Do all the reading first, then all the writing.
Here are the best solutions I could get to for both, little endian and big endian. Note, how to and from are truly inverse operations that can be optimized to a no-op if executed one after another.
The code you've given is way overcomplicated. You can replace it with:
void from(uint64_t x, uint8_t* dest) {
x = htole64(x);
std::memcpy(dest, &x, sizeof(x));
}
Yes, this uses the Linux-ism htole64(), but if you're on another platform you can easily reimplement that.
Clang and GCC optimize this perfectly, on both little- and big-endian platforms.

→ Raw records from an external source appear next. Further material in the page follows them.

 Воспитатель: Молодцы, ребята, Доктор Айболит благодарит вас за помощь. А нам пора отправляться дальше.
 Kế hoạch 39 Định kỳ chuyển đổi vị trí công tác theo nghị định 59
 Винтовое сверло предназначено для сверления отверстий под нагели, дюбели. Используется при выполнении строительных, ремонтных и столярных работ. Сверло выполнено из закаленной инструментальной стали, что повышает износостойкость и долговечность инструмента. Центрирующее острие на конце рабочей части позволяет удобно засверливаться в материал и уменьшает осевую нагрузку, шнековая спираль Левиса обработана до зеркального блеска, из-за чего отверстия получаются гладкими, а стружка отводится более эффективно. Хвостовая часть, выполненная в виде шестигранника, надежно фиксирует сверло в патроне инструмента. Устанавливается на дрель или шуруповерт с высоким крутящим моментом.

How can I convert uint64_t to uint8_t[8] without loosing information in C++?
I tried the following:
uint64_t number = 23425432542254234532;
uint8_t result[8];
for(int i = 0; i < 8; i++) {
std::memcpy(result[i], number, 1);
}
You are almost there. Firstly, the literal 23425432542254234532 is too big to fit in uint64_t.

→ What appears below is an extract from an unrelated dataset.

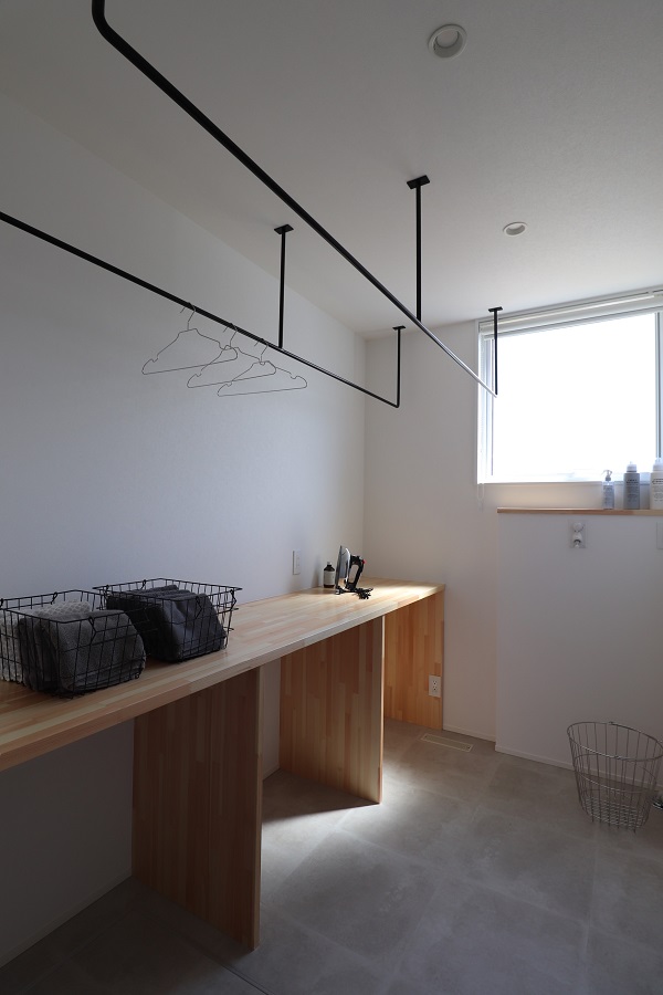 「洗う→干す→たたむ」といった一連の洗濯作業がこの空間内で完結し、毎日の家事負担を大幅に軽減する理想のサニタリー空間を実現しました。
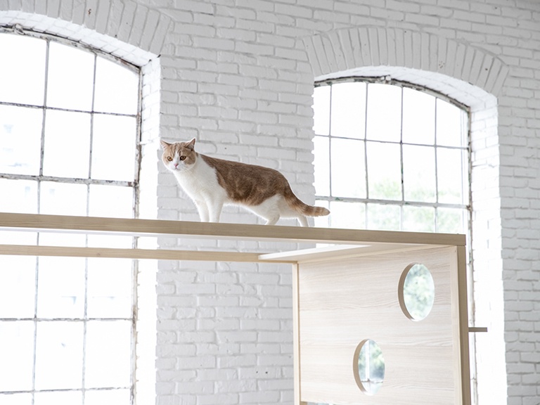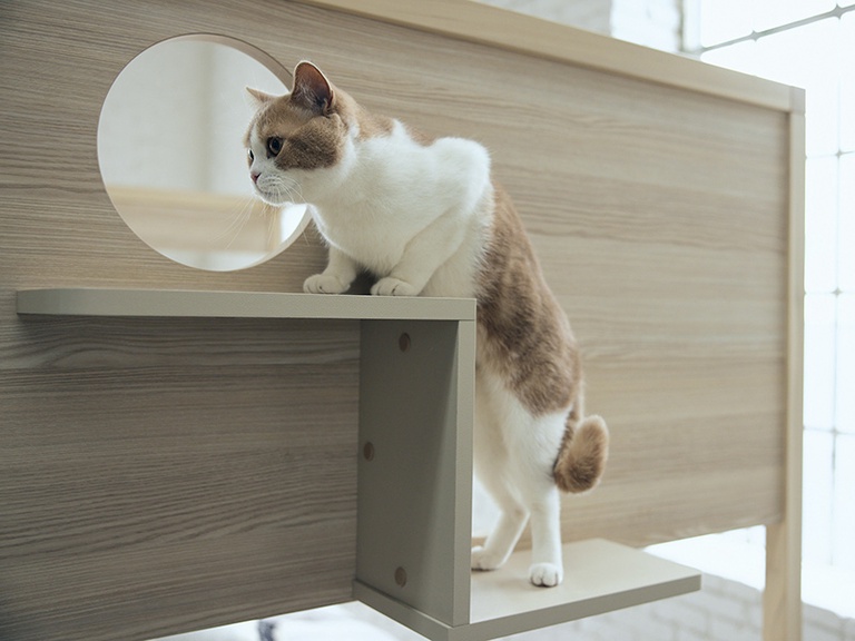 いっぱい遊んで疲れたら、自分だけの空間でのんびり。そんなネコちゃんの姿を眺められる。飼い主さんとネコちゃんが一緒に使う楽しいベッドフレームです。

Secondly, as you can see from the documentation, std::memcpy has the following declaration:
void * memcpy ( void * destination, const void * source, size_t num );
As you can see, it takes pointers (addresses) as arguments. Not uint64_t, nor uint8_t. You can easily get the address of the integer using the address-of operator.
Thridly, you are only copying the first byte of the integer into each array element. You would need to increment the input pointer in every iteration. But the loop is unnecessary. You can copy all bytes in one go like this:
std::memcpy(result, &number, sizeof number);
Do realize that the order of the bytes depend on the endianness of the cpu.
First, do you want the conversion to be big-endian, or little-endian? Most of the previous answers are going to start giving you the bytes in the opposite order, and break your program,` as soon as you switch architectures.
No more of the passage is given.